CONDEPA was the first major party in Bolivia that appealed to the cultural identity of the Aymaras, the indigenous majority of the country. It borrowed katarista symbols and used the wiphala flag. Palenque often used references to Aymara culture in his campaigns.

==Election history==
The party won strong support amongst urban poor, amongst Aymaras that had migrated to the urban centres.

CONDEPA lost the mayoral post of La Paz in 1995.

At the time of the 1999 elections the CONDEPA was a party in crisis. It was discredited by having entered into Hugo Banzer's government. The party had suffered the death of its leader Carlos Palenque, and divisions had erupted amongst his successors. Moreover, the influence of the mass media connected to the party had decreased significantly. As the party lost the municipal contest in El Alto in these elections, it lost its last remaining political stronghold in the country.
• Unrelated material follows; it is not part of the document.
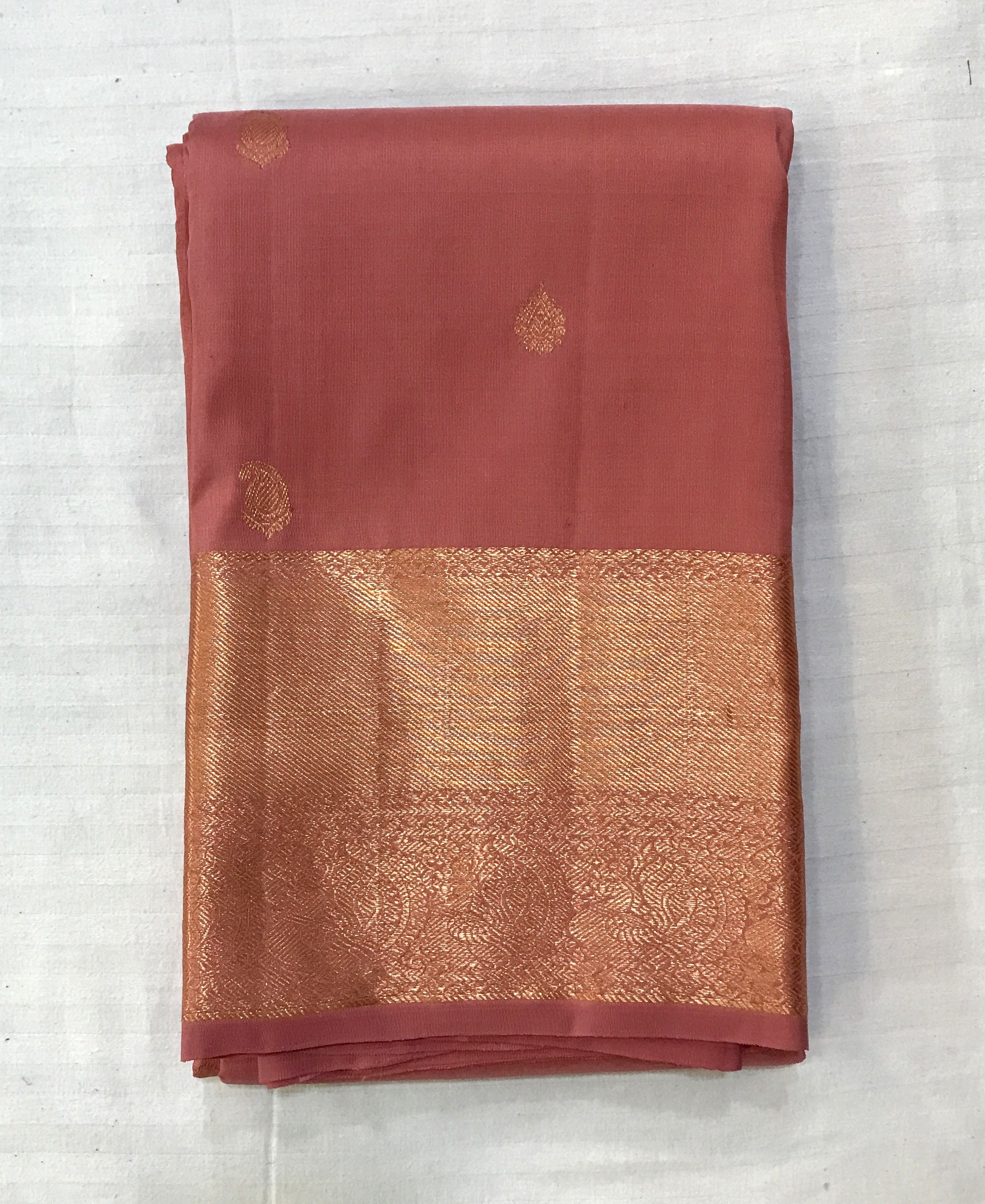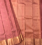 This stunning Kanjeevaram saree in pure silk showcases a vibrant peach-pink , handwoven to exude traditional charm. The saree features intricate and uncommon floral and koyari alternate butti designs, beautifully highlighted by a golden zari border. The richly woven pallu enhances its classic appeal, making it a timeless piece. The elegant color combination ensures it will look splendid both day and night. The border combines the traditional Kanjeevaram design, adding a designer touch. Paired with a self-colored blouse adorned with a broad zari border, this saree epitomizes traditional elegance with a modern twist.

Ahead of the 2002 general election, CONDEPA launched Nicolás Valdivia as its presidential candidate and Esperanza Huanca as vice-presidential candidate. CONDEPA lost all of its 22 seats in the Congress of Bolivia in the elections. The implosion of CONDEPA enabled the nascent Movement for Socialism to gain a wide following amongst indigenous urban poor. CONDEPA-Patriotic Movement lost its registration at the National Electoral Court shortly after the 2002 election.